Oligo insert cloning - (Mar/06/2013 )
I've been trying for months now to insert a 122bp ds oligo into a 8000bp vector but it just doesn't work. I tried vector:insert ratios from 10:1 to 1:5, different ligases/buffers and also changed the time for ligation (2h - over night at RT, 4°C and 16°C). But nothing worked so far. So now I think there might be something wrong with my oligo design.
The setup was as follows:
2 single strand oligos, annealing: 10 nmol each, 5min 99°C, then let cool down to RT (4h). I used annealing buffer (
The oligo contains compatible overhangs for BamHI and Pst1 but as you can see both strands were designed 5' to 3' (manufacturers data sheet) so is that the reason why the ligation cannot take place?
The oligos are not phosphorylated but the cut vector should have PO4 groups from restriction digest.
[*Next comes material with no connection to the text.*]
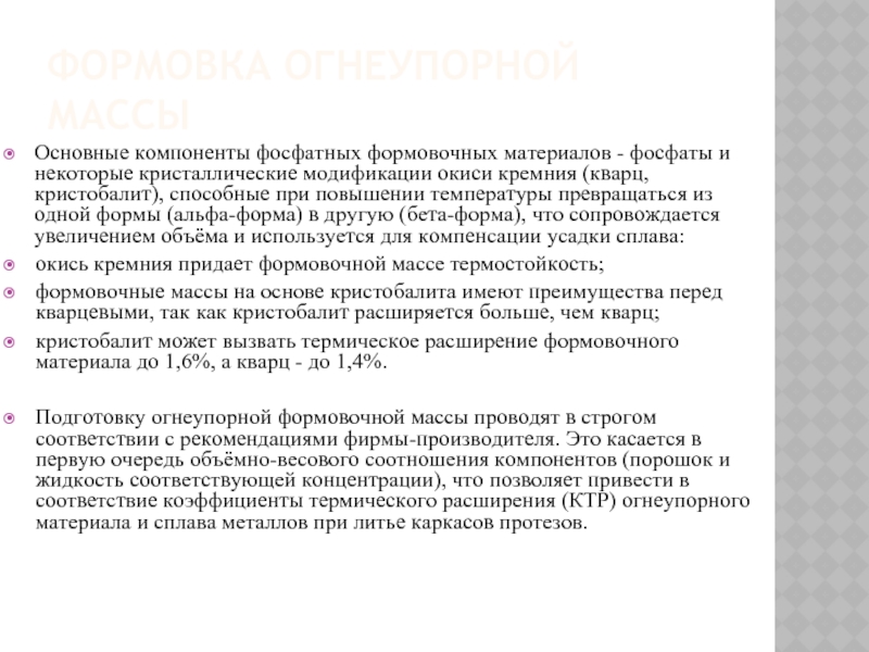 Подготовку огнеупорной формовочной массы проводят в строгом соответствии с рекомендациями фирмы-производителя. Это касается в первую очередь объёмно-весового соотношения компонентов (порошок и жидкость соответствующей концентрации), что позволяет привести в соответствие коэффициенты термического расширения (КТР) огнеупорного материала и сплава металлов при литье каркасов протезов.

Can I do something to use both oligos at the same time or do I have to design at least one with reverse direction (3' - 5')?
Anyway, is there any method to check whether the annealing has worked or not - how can I distuinguish if I have single strand or double strand oligo after annealing?
Thanks in advance!
You can't have double stranded DNA with paralel strands (like 5' end on one side and 3' and on the other as in your picture). The strands would not anneal the way you draw it.
If you planned to have this cassete, you designed it wrong. Oligos are always synthetised (and put in data sheets) in 5'->3' orientation, so you have to reverse the second strand before ordering it.
You needed to order sequence like this to anneal with your first strand:
OK thanks, that was also my thought about this issue. I'm very new to cloning and not a biologist so retrospectively spoken this was a bad design... I'll order a new one.
But still - anyone ideas about how to check wheter after annealing I have still single or double strand oligos?
Intercalator dyes like SYBR Green I binds double strand much more efficiently than single strand. By running a melting curve you could see the differences in fluorescence. But you would need something to compare with.